Элишка помнила лошадей… Но других. Больших, с мощными копытами и не менее крупными шеями. Таких лошадей, каких обычно запрягали в повозки в деревнях и с какими вспахивали поля. А эта… Эта лошадка была иной: будто вылепленной из снега, тонкой и изящной. Девушка погладила ее по лбу.
— Ну чего стоишь? Залезай в седло! — подбадривал Иван.
Кто-то из мужчин подхватил ее на руки, и поднял вверх, посадив в седло. Степан поставил ее ноги в стремена. Всеслав подал поводья. Элишка огляделась. Теперь она была выше всех, и смотрела на мужчин с высоты не малого лошадиного роста.

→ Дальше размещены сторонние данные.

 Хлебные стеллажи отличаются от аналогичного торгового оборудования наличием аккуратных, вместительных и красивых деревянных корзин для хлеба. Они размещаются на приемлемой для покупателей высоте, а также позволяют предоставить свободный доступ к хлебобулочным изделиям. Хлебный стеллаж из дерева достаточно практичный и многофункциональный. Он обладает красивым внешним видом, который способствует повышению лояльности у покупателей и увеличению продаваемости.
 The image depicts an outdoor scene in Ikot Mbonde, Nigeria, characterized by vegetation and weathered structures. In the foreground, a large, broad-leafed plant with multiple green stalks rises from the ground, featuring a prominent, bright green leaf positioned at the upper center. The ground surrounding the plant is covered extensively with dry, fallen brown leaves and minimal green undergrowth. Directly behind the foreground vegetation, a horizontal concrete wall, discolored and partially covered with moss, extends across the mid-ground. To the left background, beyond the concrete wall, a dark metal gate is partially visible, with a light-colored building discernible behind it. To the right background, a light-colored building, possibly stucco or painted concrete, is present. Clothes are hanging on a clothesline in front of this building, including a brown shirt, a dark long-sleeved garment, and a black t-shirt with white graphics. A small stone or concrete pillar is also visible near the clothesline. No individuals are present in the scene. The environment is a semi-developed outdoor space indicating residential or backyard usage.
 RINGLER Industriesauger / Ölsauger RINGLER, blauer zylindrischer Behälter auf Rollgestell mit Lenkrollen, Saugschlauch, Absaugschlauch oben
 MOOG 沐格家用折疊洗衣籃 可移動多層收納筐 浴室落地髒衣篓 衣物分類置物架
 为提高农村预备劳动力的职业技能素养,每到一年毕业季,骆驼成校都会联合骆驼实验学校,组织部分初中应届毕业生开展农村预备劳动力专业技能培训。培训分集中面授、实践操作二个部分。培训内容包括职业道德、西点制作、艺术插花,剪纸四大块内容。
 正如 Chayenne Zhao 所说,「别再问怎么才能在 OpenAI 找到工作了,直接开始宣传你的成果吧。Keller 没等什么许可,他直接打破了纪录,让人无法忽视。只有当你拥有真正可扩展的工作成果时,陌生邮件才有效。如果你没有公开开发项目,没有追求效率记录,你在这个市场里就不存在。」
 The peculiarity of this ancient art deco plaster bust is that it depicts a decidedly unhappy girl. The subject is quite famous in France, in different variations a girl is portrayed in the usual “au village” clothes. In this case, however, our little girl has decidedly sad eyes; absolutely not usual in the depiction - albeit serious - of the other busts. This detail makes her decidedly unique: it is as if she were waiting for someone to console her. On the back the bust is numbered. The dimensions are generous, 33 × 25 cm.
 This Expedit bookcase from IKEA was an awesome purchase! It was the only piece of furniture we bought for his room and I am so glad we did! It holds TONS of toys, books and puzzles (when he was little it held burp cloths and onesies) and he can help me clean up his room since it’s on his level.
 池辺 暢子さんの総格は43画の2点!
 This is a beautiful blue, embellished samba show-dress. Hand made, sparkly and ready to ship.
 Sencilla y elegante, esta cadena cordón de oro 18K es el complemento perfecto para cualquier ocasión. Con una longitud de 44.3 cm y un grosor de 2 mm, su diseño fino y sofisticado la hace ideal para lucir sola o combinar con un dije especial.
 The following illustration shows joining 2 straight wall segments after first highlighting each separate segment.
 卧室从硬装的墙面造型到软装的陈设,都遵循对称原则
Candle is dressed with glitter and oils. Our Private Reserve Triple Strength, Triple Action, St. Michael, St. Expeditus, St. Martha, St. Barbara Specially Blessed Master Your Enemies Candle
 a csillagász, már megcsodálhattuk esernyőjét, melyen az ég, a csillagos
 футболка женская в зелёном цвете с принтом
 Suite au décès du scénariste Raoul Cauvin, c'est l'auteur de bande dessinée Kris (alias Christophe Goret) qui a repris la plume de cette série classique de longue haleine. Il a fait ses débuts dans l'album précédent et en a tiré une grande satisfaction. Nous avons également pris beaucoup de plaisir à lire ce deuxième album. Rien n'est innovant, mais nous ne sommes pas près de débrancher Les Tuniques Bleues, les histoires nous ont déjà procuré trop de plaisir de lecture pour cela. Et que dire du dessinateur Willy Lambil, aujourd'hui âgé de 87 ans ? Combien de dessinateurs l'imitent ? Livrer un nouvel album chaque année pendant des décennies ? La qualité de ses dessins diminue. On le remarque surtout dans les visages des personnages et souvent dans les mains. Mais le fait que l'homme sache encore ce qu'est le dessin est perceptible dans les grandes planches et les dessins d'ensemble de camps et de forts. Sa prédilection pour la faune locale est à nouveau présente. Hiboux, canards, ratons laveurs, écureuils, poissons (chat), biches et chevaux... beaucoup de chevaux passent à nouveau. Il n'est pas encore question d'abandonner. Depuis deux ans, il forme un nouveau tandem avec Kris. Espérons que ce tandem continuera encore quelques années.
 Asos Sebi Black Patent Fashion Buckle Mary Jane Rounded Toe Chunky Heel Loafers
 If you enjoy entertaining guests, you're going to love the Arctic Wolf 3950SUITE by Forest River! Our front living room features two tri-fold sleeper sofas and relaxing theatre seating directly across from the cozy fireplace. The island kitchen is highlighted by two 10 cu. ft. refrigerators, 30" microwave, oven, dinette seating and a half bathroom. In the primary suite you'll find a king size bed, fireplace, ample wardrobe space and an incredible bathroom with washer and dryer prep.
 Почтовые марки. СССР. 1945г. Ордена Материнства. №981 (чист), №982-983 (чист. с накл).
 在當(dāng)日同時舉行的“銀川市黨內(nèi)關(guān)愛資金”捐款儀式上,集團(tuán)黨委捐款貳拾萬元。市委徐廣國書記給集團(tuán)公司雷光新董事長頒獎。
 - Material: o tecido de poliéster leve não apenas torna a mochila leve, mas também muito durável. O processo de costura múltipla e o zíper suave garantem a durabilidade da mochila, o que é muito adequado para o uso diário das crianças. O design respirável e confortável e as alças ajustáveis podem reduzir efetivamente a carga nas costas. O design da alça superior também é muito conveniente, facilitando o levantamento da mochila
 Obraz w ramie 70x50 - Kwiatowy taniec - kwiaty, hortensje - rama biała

— Пяточками немного ударь по бокам, и она поскачет. — Приговаривал Иван. — А остановиться захочешь, потяни на себя поводья. Да смотри, из седла не выпади.
— Я ее повожу немного, — вызвался Степан, понимая, что сперва стоит дать девушке привыкнуть, и направил лошадку по тропинке.
Довольная Элишка, восседала на спине дивной лошадки. Лучезарно улыбалась. Тати смотрели ей вслед и, сквозь улыбки, шептались.
— Зачем коня привел? — спросил Иже у Всеслава, готовясь прибить идиота. Прокормить лошадь итак голодающим мужик будет сложно, особенно в зиму.
— Раз нам прощаться сегодня. То пусть хоть какая-то приятная память у нее останется. В деревне, дружбан мой согласился взять ее к себе. Но только за плату. Вот и пришлось коня украсть. Приведу девочку. Отдам коня.
— Ты дружбану намекнул, что если пальцем ее тронет… если хоть словом-взглядом обидит, мы все за ним явимся? — уточнил атаман.
— А то… — Ухмыльнулся Всеслав, припомнив, как побелел его деревенский товарищ и потом долго клялся.
Но, все равно, болело у старого Иже сердце за это наивное дитя. Будто собственную дочурку оставлял босой и одинокой сиротинушкой.
Поводив немного лошадку по заснеженной поляне, и дав Элишке привыкнуть к седлу, Степан, вдруг хитро улыбнулся и спросил:
— Может с ветерком?
Не зная еще, что ей предлагают, девушка радостно улыбнулась. И тать ударил ладонью коня по крупу. Тот встал на дыбы, заставив наездницу прижаться к конской шее и крепче перехватить поводья. А потом сорвался в бег, и помчал по лесу. Сначала Элишке было страшно… Да и Степану, не ожидавшему такого от смирной коняшки дурно сделалось. Он хотел было броситься вдогонку… Но куда ему состязаться в прыткости со зверем!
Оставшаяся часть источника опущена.